十三役駐地。
除了值守看門的,所有的校尉都是全副武裝。
清一色的棗紅色駿馬,用前蹄子扒拉著地麵,鼻子裏時不時的噴出一股化為白色的熱氣。
騎在馬上的十三役校尉,腰挎製式配刀,一身皂衣,配上那黑色的快靴,顯得格外的精神抖擻。
肖塵雙手背負,在隊伍前麵走來走去。
身旁的那匹一個前蹄有點白毛的黑色駿馬,乖巧的站立著。
今天,他要去延慶衛,將黃安良抓捕歸案。
考慮到黃安良是延慶衛指揮使,恐怕會臨時反抗,肖塵專門向廠公大人,申請了增派人手,協同抓捕。

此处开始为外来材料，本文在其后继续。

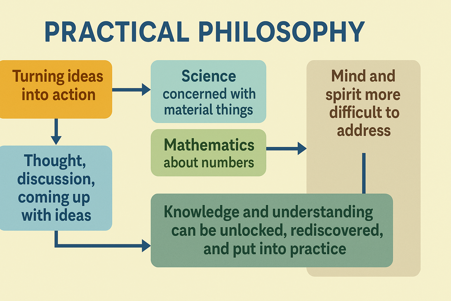 Practical philosophy is all about turning ideas into action. Philosophy itself is about thought, discussion and coming up with ideas. Science used to be called ‘natural philosophy’ concerning itself primarily with material things rather than ‘pure thought’ or perhaps ‘spiritual’ things while mathematics is the ‘philosophy’ of numbers.

現在,約定的出發時間馬上就到,還不見其他役站的兵力前來,難免有點心焦。
一陣雷聲般的馬蹄聲,遮天蓋地的充斥著耳膜。
眨眼間,駐地外寬敞的街道,已經被疾馳而來的東廠校尉占據一空。
最前頭兩名中年人,翻身下馬。匆匆走進了院子。
“肖兄弟,東廠第七役,第九役,前來協助你,抓捕人犯。”
二人將手一供,道。
“好,來的很準時。上馬,出發。”
肖塵急喝一聲,原地躍起,穩穩落在了身邊那匹黑色駿馬的脊背上。
雙手抓住韁繩,猛地一抖。
黑馬通靈,前蹄躍起一丈多高,發出一聲長長的嘶鳴,帶頭衝出了駐地大院。
官道上,一行三百餘人的皂色隊伍,頂著呼嘯的北風,向著西北方向,利箭一般疾馳而去。
延慶衛駐地,數名千戶,站立在指揮使大人的行營之中。
一身貼身的鎧甲,給人一種驍勇善戰之感。
最上方的黃安良,雙手背負,來回的走動著。
自從女婿段世雄被抓之後,他心中有著一種不祥的預感。
直至今天,一直跳動的右眼皮,怎麽也停不下來。
“諸位,可能要出事了。”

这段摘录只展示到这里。